At work today, I heard rumblings of a fog warning. By the time I was heading out, that fog had surely rolled in.

I know what fog is, what it's like. You see pictures of it, movies, TV shows, and people describe it with their words all the time. But, never had I experienced it before.

When I drove to work, it was a lovely spring day. The roads were clear, dry, and sunny. When I left work, it was still those things, and yet it wasn't. The sun was setting, so the light was dimmer. The roads weren't any different to drive on, but they were getting damp from the fog.

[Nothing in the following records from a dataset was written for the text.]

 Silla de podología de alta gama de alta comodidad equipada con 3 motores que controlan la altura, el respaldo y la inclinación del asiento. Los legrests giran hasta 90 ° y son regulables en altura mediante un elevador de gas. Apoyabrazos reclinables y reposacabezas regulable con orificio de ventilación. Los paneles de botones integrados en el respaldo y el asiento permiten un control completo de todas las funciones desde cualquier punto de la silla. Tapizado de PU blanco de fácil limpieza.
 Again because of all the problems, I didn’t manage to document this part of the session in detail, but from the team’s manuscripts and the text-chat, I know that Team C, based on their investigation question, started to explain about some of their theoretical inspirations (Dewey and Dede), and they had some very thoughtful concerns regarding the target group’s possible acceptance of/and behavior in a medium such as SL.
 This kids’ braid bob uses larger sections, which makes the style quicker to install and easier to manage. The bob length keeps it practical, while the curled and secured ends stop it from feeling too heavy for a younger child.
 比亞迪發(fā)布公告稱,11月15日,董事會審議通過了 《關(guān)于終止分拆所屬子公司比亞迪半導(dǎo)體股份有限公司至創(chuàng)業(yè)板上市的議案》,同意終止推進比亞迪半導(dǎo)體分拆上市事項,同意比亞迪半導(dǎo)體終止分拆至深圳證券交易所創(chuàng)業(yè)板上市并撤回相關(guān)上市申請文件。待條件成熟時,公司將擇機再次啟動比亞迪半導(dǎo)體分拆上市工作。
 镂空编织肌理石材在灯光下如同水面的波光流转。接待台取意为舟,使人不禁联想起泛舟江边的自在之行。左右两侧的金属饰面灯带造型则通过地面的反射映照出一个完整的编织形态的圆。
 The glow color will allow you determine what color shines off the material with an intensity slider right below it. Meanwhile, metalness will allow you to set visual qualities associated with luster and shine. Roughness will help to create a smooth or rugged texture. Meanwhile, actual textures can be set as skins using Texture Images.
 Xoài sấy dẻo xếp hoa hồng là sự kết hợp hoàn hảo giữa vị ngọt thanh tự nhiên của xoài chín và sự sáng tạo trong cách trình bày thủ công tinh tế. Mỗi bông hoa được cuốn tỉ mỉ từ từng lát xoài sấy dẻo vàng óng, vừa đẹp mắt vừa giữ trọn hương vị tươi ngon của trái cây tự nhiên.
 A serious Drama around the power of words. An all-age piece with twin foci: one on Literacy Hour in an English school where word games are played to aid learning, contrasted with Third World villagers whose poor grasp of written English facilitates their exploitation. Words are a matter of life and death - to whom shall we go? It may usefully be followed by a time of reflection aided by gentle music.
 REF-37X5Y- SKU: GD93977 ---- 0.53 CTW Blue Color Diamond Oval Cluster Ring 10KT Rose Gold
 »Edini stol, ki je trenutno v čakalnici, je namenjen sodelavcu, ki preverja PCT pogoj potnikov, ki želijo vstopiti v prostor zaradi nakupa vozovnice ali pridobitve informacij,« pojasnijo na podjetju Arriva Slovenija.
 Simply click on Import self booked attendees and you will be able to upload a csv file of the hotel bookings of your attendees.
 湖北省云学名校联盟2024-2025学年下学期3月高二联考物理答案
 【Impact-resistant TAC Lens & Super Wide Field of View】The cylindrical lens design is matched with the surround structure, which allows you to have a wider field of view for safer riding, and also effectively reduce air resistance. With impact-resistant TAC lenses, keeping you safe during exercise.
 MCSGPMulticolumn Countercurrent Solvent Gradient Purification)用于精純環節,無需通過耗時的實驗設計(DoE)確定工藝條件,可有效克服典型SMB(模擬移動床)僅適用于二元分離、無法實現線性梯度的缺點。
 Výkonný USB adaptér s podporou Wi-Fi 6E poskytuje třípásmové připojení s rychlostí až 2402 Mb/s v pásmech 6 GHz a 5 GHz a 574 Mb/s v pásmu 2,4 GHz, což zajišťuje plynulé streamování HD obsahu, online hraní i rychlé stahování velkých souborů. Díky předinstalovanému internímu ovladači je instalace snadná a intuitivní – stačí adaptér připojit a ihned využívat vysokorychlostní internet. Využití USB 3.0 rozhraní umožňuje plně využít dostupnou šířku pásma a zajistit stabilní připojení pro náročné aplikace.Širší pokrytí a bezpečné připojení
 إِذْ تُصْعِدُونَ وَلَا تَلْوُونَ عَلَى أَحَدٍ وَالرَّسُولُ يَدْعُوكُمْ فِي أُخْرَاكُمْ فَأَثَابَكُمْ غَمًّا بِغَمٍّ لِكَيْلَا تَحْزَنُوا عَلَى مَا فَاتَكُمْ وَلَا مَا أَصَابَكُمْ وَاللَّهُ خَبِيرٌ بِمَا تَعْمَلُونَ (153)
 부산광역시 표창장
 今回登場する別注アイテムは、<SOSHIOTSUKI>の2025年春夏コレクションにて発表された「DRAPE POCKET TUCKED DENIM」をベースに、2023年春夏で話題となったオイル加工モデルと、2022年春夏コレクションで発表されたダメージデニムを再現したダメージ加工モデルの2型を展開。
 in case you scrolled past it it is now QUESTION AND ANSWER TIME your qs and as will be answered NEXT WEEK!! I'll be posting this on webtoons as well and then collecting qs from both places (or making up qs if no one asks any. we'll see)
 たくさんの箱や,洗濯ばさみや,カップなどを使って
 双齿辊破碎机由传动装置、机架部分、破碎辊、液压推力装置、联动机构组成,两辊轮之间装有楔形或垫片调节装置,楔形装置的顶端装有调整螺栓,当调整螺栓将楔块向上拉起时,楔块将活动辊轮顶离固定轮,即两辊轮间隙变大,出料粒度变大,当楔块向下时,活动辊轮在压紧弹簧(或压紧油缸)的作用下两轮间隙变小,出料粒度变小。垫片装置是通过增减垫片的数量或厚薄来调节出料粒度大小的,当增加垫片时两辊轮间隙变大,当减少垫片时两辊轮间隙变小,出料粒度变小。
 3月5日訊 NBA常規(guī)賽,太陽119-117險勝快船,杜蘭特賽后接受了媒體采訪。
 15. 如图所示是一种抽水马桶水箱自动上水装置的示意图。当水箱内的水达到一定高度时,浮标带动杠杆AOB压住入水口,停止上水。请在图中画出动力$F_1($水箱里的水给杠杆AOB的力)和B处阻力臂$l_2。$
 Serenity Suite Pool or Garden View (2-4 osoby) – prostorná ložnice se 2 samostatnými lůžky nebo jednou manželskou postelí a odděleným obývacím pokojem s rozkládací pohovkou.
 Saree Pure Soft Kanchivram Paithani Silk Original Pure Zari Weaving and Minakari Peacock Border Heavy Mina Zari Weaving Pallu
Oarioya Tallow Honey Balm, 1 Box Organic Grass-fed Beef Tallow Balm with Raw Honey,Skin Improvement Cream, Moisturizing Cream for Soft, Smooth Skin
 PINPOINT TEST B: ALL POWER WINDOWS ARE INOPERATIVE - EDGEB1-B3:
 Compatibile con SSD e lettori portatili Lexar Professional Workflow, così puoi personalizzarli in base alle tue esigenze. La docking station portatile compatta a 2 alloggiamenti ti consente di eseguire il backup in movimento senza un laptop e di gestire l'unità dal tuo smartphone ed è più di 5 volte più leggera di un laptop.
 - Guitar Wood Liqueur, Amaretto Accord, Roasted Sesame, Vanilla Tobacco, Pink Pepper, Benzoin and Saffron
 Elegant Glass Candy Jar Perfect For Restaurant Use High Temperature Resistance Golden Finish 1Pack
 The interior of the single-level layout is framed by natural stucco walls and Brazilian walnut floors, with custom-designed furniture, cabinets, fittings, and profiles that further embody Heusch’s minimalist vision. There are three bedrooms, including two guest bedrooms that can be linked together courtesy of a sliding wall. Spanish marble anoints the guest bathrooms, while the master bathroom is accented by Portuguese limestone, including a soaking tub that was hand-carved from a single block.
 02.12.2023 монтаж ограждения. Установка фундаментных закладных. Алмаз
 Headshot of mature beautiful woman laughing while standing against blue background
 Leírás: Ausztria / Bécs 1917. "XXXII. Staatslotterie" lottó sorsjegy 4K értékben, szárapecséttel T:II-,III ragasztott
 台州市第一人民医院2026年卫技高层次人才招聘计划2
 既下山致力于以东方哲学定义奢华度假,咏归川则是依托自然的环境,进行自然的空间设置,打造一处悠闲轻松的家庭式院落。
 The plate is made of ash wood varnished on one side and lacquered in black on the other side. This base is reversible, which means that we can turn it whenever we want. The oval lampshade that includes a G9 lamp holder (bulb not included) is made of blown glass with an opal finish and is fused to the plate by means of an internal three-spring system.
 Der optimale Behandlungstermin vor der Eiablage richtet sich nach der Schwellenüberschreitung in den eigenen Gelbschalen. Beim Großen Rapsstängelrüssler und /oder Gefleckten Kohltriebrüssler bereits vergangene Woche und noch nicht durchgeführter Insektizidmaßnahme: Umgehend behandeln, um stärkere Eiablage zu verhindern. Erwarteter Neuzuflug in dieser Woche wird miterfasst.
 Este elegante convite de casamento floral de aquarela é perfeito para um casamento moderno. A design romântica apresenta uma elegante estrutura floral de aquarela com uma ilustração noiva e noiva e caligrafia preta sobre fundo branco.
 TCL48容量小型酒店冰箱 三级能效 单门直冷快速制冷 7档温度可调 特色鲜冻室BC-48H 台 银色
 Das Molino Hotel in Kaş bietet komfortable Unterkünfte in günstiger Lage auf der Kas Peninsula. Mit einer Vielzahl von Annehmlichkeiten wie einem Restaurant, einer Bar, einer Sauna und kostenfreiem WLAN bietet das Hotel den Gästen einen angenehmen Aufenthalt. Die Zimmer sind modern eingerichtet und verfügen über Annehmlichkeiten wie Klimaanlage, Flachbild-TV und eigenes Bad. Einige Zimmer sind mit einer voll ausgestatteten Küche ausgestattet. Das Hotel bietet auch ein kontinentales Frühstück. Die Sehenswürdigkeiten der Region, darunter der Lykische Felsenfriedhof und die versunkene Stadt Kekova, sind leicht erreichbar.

There was nothing on the streets to obstruct my driving, and yet I couldn't see the traffic more than a few yards in front of me.

Being in Buffalo, my first thought was that it was kind of like driving in snowy conditions, but it wasn't. The trees weren't white. The ground wasn't white. Sure, it was gray and low in visibility, but snowy conditions don't produce a vaporous cloak that enshrouds everything in the distance, while not obscuring that which is directly in front of you.

And not only did the physical conditions change, but the entire feel changed. This afternoon was a bright day full of life and hope. The evening was an ominous, foreboding trek through despair. Somehow, I knew every inch of the path, every turn and every landmark, and yet it felt like I had never seen this land before in my life.

There is no experience I have ever come across like fog (at least the kind that warrants a weather advisory). And nothing but experiencing it firsthand will inform you what it's like. Admittedly, some media can be incredibly accurate, but they can never exactly replicate the feelings and sensations you'll have if you were really there.

If you want to understand and know fog, then you must experience fog. If you write about fog by describing it the way other people do, then it's like making a photocopy of a photocopy. If you take other people's descriptions and you imagine what fog is really like based on those descriptions, then you are distorting reality one step further.

Live life, gain experiences, and try to remember them as accurately as you can. I don't recommend murdering people to know how it feels to kill (officially), but I do recommend you get as close to first-hand accounts as possible. Whatever you want to write about, either do it yourself, or interview somebody who has.